Sunday 9 February 2014

The First One...


This is my first blog, so please go easy on me. I find it’s easy to clarify my thoughts in a mind but once I start typing to get them down they become ^£*%&>$&)*%”! I’d like to share my family life with you, if you can bear it. The title gives you a clue – it’s a madhouse, indeed, but we’re no different from any other family in our day-to-day life.

I’m focusing on pre-pubescence quite a bit at the moment. It’s a gentler forerunner of Puberty – the land of grunts and crabbiness. My older daughter (Daughter 1) is rapidly approaching puberty. She turned 10 in December and virtually overnight Mother Nature handed her a wallop to the back of her head for a birthday present. She leant over head bed and said “It won’t be long, girl, so Go Forth and be Crabby”. And since then there’s been an onslaught of daggered stares at her little sister (Daughter 2, currently aged 8 minus three days) as if she was a permanent eyesore and she should apologise for her very existence, outbursts of “It’s not fair!” – I particularly like that one; it’s usually aimed at me and reminds me of my youth – and “I hate you” (although that’s the big gun so it’s only come out once SO FAR). I’m as yet waiting for “No, you do it that way” and “I’m going out”, which will no doubt make an appearance in a year or two. “You’re so embarrassing” was got out of the way several years ago, incidentally, but that’s hardly surprising.

Daughter 1’s also started developing small crushes on public figures. The other night we were watching “Splash” (yes, I know, I do apologise. It won’t happen again…) and she says to me:

“Does Tom Daley have a girlfriend?”

Me: “Err, no – he’s gay, actually.”

Daughter 2: “Who with?”

Me: “Err, I’m not sure.”

Daughter 1: “Oh.”

Daughter 1 is disappointed. I don’t know what her expectations are, but her shoulders and head go down, but only to disappear back into a game on her iPad, from which she probably won’t appear until she’s 18, when she’ll suddenly pop her headphones off her head and say, “That’s it now, I’m ready. I’m an adult now. Have I missed anything?”

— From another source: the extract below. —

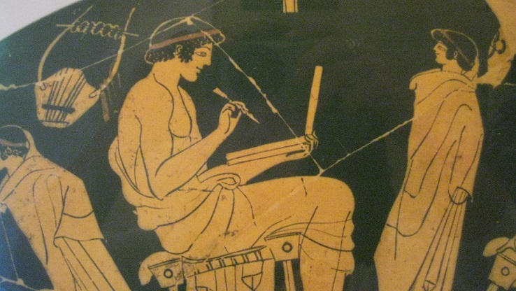 ▼還有這個古希臘時期的壁畫,那個坐著的人手中好像也拿著筆電,他的另一隻手上還拿著「觸控筆」呢。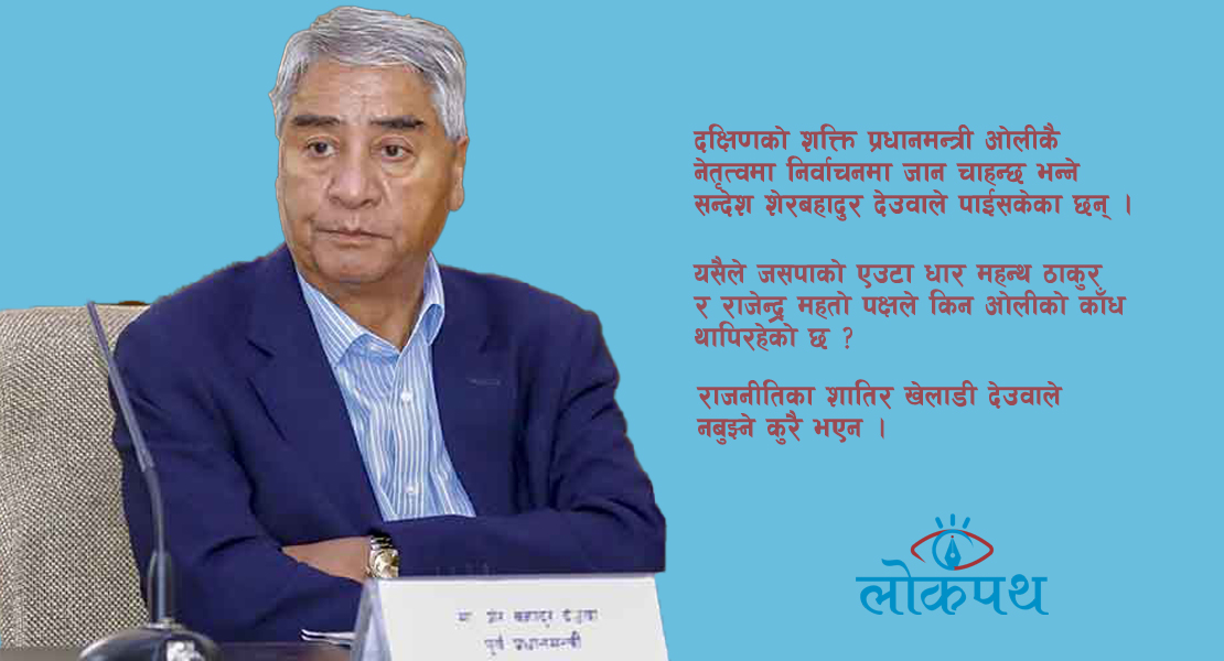 अहिले प्रधानमन्त्री पदका लागि आशक्ति देखाउँदा सभापति पद पनि गुमाउनुपर्ने खतरा उनले देखेका छन् । कांग्रेसभित्र रामचन्द्र पौडेल, शंशाक कोइराला, विमलेन्द्र नीधि र प्रकाशमान सिंहले पनि सभापति पदका लागि रहर गरेका छन् । उनीहरुले देखाएको यस्तो चाहनाको पछाडि कसले धाप दिइरहेको छ भन्ने पनि देउवाले बुझेका छन् ।

That’s another feature of pre-pubescence that I’m noticing: the withdrawal from family life; a sloping off, a creeping out. 98% of the time it’s to dive into the iPad. I can’t say I blame her. The Harry Potter DVDs have all been watched a million times now so that excitement’s worn off, and school must be constant noise, 9 to 3pm. When you’re young you just put up with the constant racket at school, but when I go in there from time to time I feel like clamping my hands to my ears and shouting “Make it stop!” I don’t know how our wonderful teachers cope. Perhaps they go off to the loos for a few minutes and stick their heads in their iPads for sanity too.

All I can say is, technology can be blamed for a lot of things, but it does provide a bit of a Time Out.